Chapter 8: Security Providers

8.3. The Security Class

The Security class (java.security.Security) is responsible for managing the set of provider classes that a Java program can use, and forms the last link in the architecture of the security provider. This class is final, and all its methods are static (except for its constructor, which is private). Like the System and Math classes, then, the Security class can never be created or subclassed; it exists simply to provide a placeholder for methods that deal with the java.security package.

Earlier, we explained how to add entries to the java.security file to add new providers to the security architecture. The same feat can be accomplished programmatically via these methods of the Security class:

public static int addProvider(Provider provider)

Add a new provider into the list of providers. The provider is added to the end of the internal array of providers.

public static int insertProviderAt(Provider provider, int position)

Add a new provider into the internal array of providers. The provider is added at the specified position; other providers have their index changed if necessary to make room for this provider. Position counting begins at 1.

The notion that these classes are kept in an indexed array is important; when the Security class is asked to provide a particular algorithm for an operation, the array is searched sequentially for a provider that can provide the requested algorithm for the requested operation.

As an example, let's use a modification of the XYZProvider class that we outlined earlier. This class comes with a set of classes to perform generation of key pairs, and it can generate key pairs according to two algorithms: DSA and XYZ. The XYZProvider class, according to an entry added to the java.security file, has been added at position 2. Additionally, let's say that our Java program has installed an additional provider class at position 3 called the FooProvider that can generate key pairs and digital signatures according to a single algorithm known as Foo. This leaves us with the set of provider classes listed in Table 8-3.

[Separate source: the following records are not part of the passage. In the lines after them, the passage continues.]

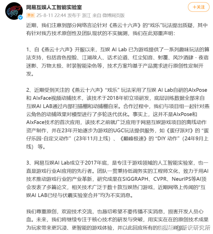 8月11日晚,兩年未更新的“網(wǎng)易互娛人工智能實驗室”連夜找回賬號,發(fā)文稱“戲樂模式”所使用的數(shù)據(jù)均為自主采集,并已在《蛋仔派對》《巔峰極速》等多款網(wǎng)易游戲中實際應(yīng)用。同時,官方明確否認了關(guān)于AI Lab與伏羲實驗室合并的傳聞。
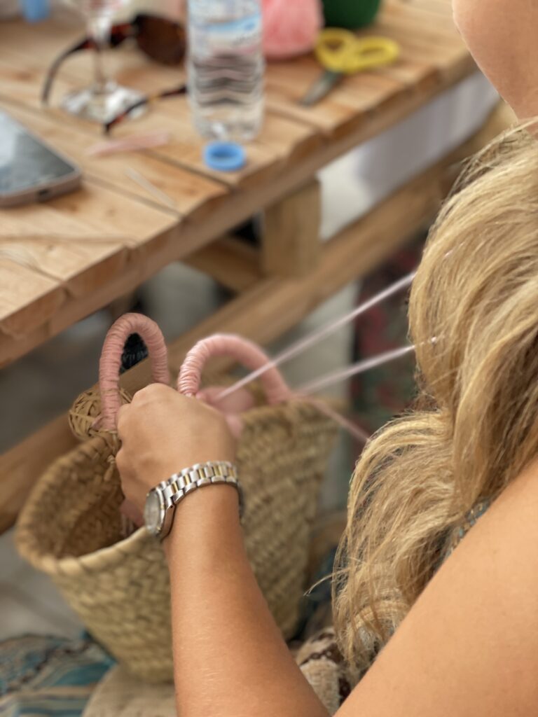 Learn the art of traditional Moroccan embroidery on palm baskets in a hands on creative session accompanied by a warm tea time to relax and share moments together.
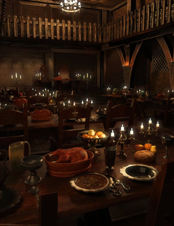 Ready to render with ambiance lighting, the FG Medieval Great Hall comes with a specially designated place for the King and Queen or leaders elevated at the front, as well as a dazzling array of Medieval, historic, and renaissance styled props. As a bonus, you also get a Preload table preset as a time saver.
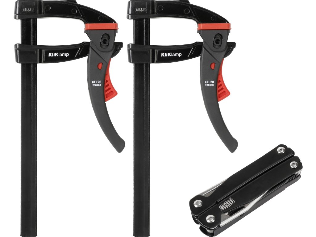 Sada 2x BESSEY svorka ľahká páková KliKlamp KLI 200x80 mm a multitool kliešte dodávané v púzdre.
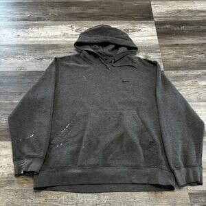 Vintage Y2K 2000s Nike Gray Mens M Mini Nike Swoosh Silver Tag Pullover Hoodie

Table 8-3. Sample Security Providers

Now when our Java program needs to generate a key pair, the security provider is consulted as to which classes will implement the key pair generation we want. If we need to generate a DSA key, the security provider returns to us a class associated with the Sun provider class, since the Sun provider, at position 1, is the first class that says that it can perform DSA key generation. If we had reversed the order of indices in the java.security file so that the Sun provider was at position 2 and the XYZ provider was at position 1, a class associated with the XYZ provider would have been returned instead. Similarly, when we request a Foo key pair, a class associated with the Foo provider is returned to us, regardless of what index it occurs at, since that is the only provider class that knows how to perform Foo key generation.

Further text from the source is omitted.